Diem in your 401(k): The dream is an automated platform that withdraws, say, $100 from your bank account each month, investing $10 in Diem and $90 in FB stock. This would offer a convenient way to diversify everyday investors into digital currencies (10%) with the overall stock market (90%).

The beginning of the next wave: If the new Facebook coin takes off, expect other tech companies to follow suit with their own digital currencies. As a rule of thumb, the companies with the most network effects will be the ones that accrue the most value (think Google, Twitter, Apple, Amazon).

The blockchain is about people. Facebook, with its focus on connecting people, is in a perfect position to become a blockchain leader overnight.

The Facebook Coin Saga Explained

Similar to the story of Facebook, the story of Diem has not been a smooth ride. With the continued delays it will be interesting to see in what format it finally releases.

While Facebook continues working on Diem, stablecoins continue to gain adoption. Tether has resolved a lot of their legal dramas and USDC continues to grow at a rapid rate.

Facebook logo


2017: Morgan Beller becomes the first person to start working on Facebook’s secret blockchain project.

2018 May: David A Marcus (Facebook VP) moves from Facebook’s Messenger division to their new blockchain division.

2019 May: Reports emerge that 50 engineers are working on the project.

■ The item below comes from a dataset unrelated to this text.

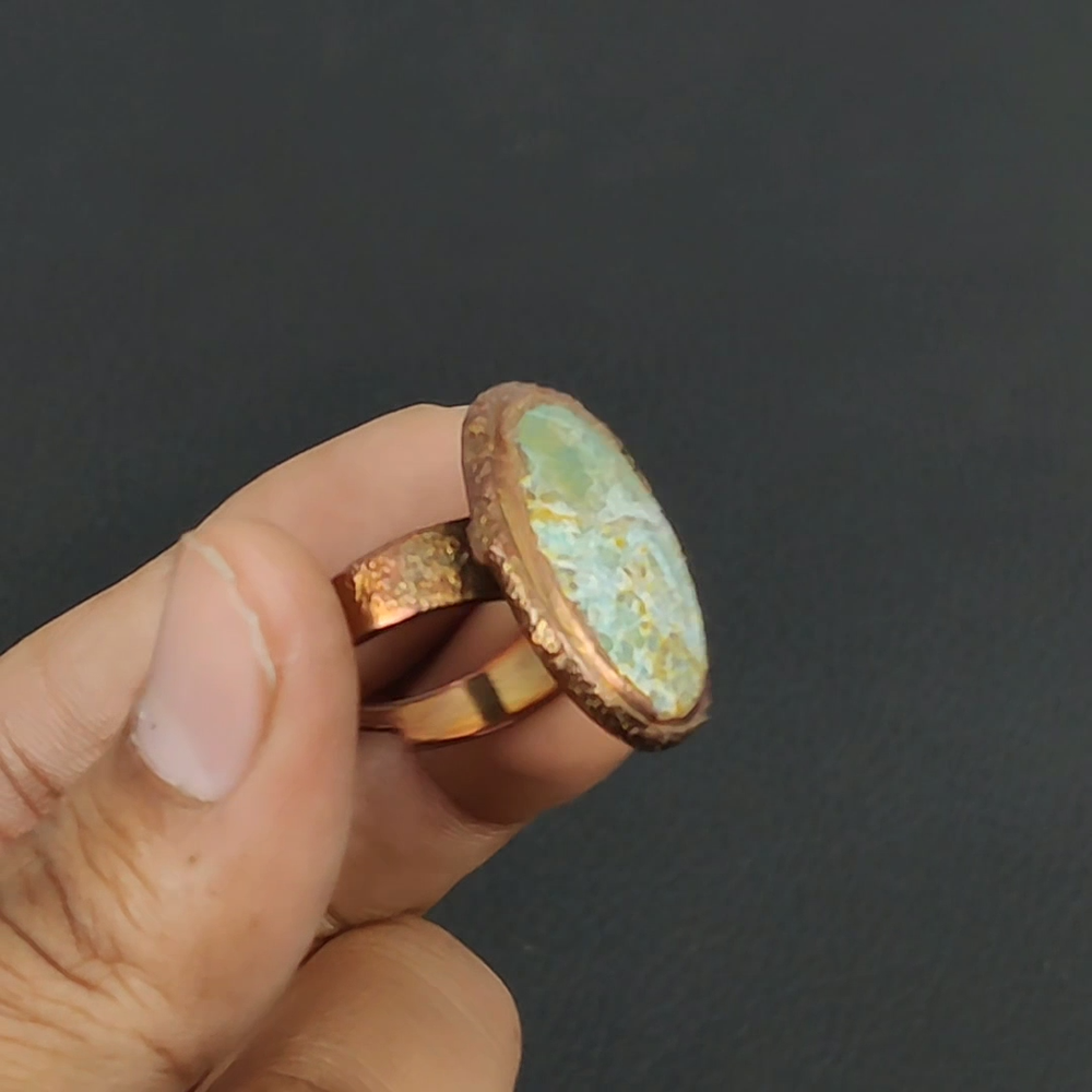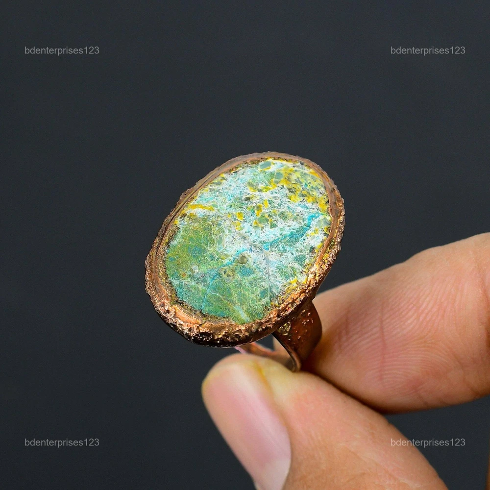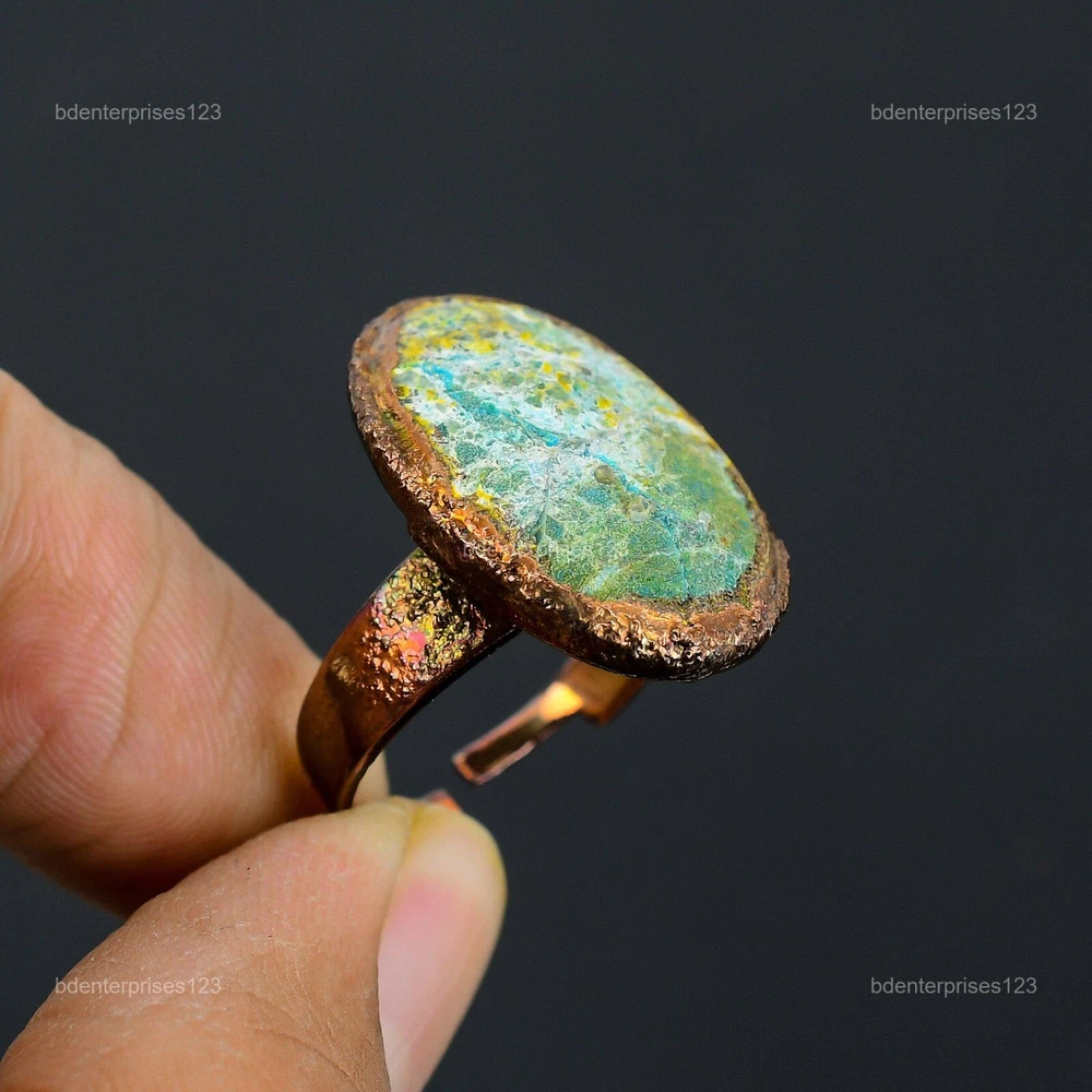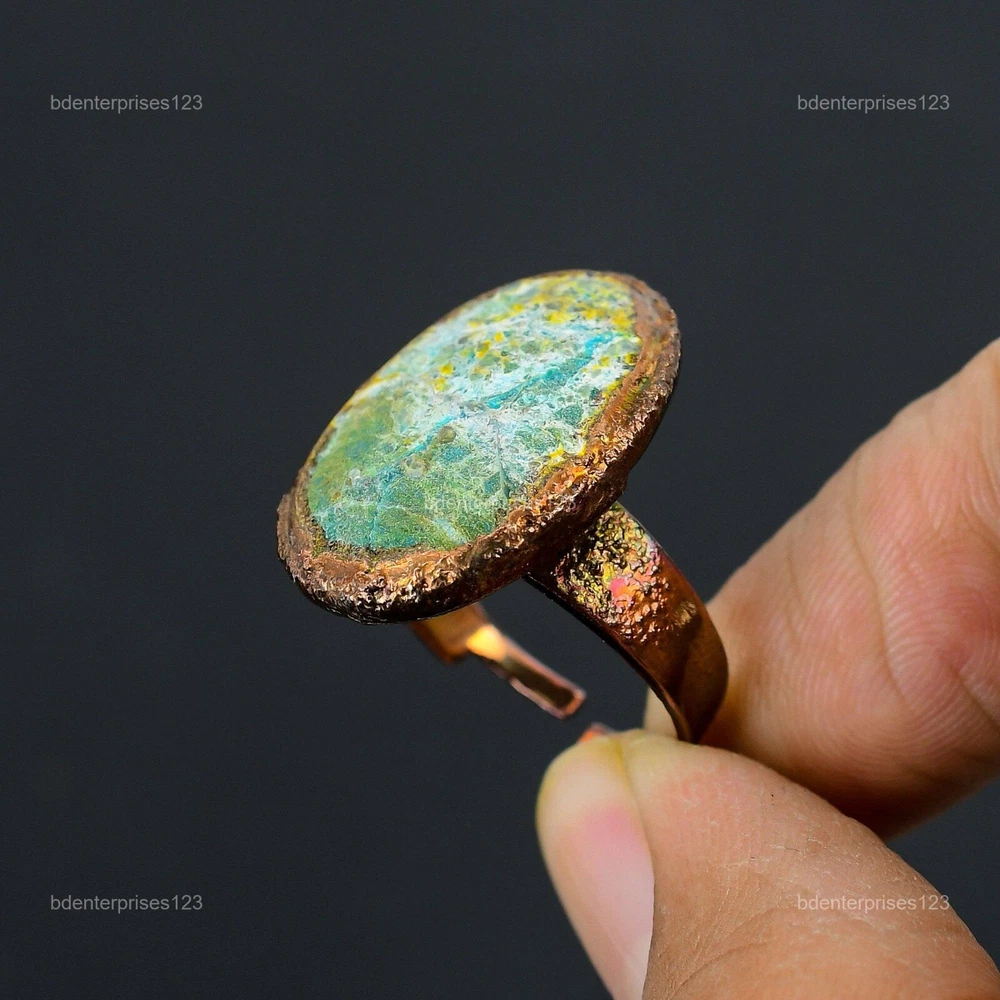 Welcome to bdenterprises123 Mothers day Deal Copper Chrysocolla Rough Gemstone Wedding Electroformed Ring Handmade Ring, Wire Wrapped Ring, Wire Wrapped Jewelry, Copper Pendant, Copper Wire Ring, Wrapped Jewelry, Wire Wrap Ring, Wire Wrap Jewelry SKU : HZR-76 Gemstone : Chrysocolla Rough Stone Shape : Oval Metal Purity : Unknown Copper Ring Size : Adjustable US Adjustable : Yes Copper has been used for jewelry making for thousands of years, dating back to ancient civilizations such as the Egyptians, Romans, and Aztecs. Copper was valued for its beauty, versatility, and durability, and was often used to make everything from jewelry and coins to cookware and tools. In addition to its historical significance, copper jewelry also offers several benefits. Copper is a natural conductor of heat and electricity, which makes it ideal for energy healing and therapeutic purposes. Wearing copper jewelry is believed to have various health benefits, such as improving circulation, reducing inflammation, and boosting the immune system. Some people also believe that copper jewelry has the ability to balance energy and improve mood. For Mother's Day Gift For Father's Day Gift For Promise For Valentine's Day For Halloween Party For Christmas Day Gift For New Year Party For Mom For Her If you can't find the information you need or need some advice for your design? Feel free to contact us. We are fast to reply :) All our work is made by hand with Love and Care in our workshop Thank you so much for visiting and hope you enjoy shopping with us bdenterprises123 is committed to delivering the best quality sterling silver jewelry to customers. As a handmade jewelry manufacturer, we offer an extensive selection of copper gemstone jewelry that showcases the brilliance of our craftsmanship. We are an experienced handmade jewelry supplier with expertise in embellishing gemstones to suit every style. We offer you the liberty to create your jewelry ensemble with sparkling, earthy, and pure gemstones. Our Talented artisans masterfully handcraft each piece of jewelry you see here. Our pieces are made with genuine gemstones. The one-of-a-kind piece you see here is the same exact piece you will receive.

2019 June: The Libra project is officially announced with a planned launch for 2020. The creators of the coin are listed as Morgan Beller, David Marcus, and Kevin Weil (Novi’s VP of Product). The release of the digital wallet called Calibra is scheduled for 2020.

2019 July: Less than a month later and Facebook announces Libra will not launch until it has 100% regulatory approval.

2019 September: Mark Zuckerberg meets with Senate Democratic leaders and reconfirms that Libra will not launch without first obtaining regulatory approval.

2019 October: The number of companies that formed the Libra Association dwindles as multiple companies leave the project. Vodafone joins the association.

2020 January: Vodafone leaves Libra.

2020 February: Shopify and Tagomi join Libra.

2020 April: Libra announced they are in talks with regulators from Switzerland for a payments license. Checkout.com joins Libra.

2020 May: Calibra is renamed Novi. Temasek Holdings, Paradigm, and Slow Ventures join Libra.

2020 November: It’s announced that the original plan to back Libra with a basket of currencies (50% United States dollar, 18% Euro, 14% Japanese yen, 11% Pound sterling, and 7% Singapore dollar) has been scrapped in favor of backing it 1:1 with the US dollar. Using a basket of currencies could have helped stabilize Libra’s value for Facebook’s worldwide user base.

2020 December: Libra and the Libra Association are renamed Diem and Diem Association.

2021 April: Novi and Diem are still not released.

By the time Diem launches will there still be a use case for it, or will the other stablecoins have already saturated the market? Taking a look at the user base of digital assets compared to the world population and despite being 10 years in we are still in the early days.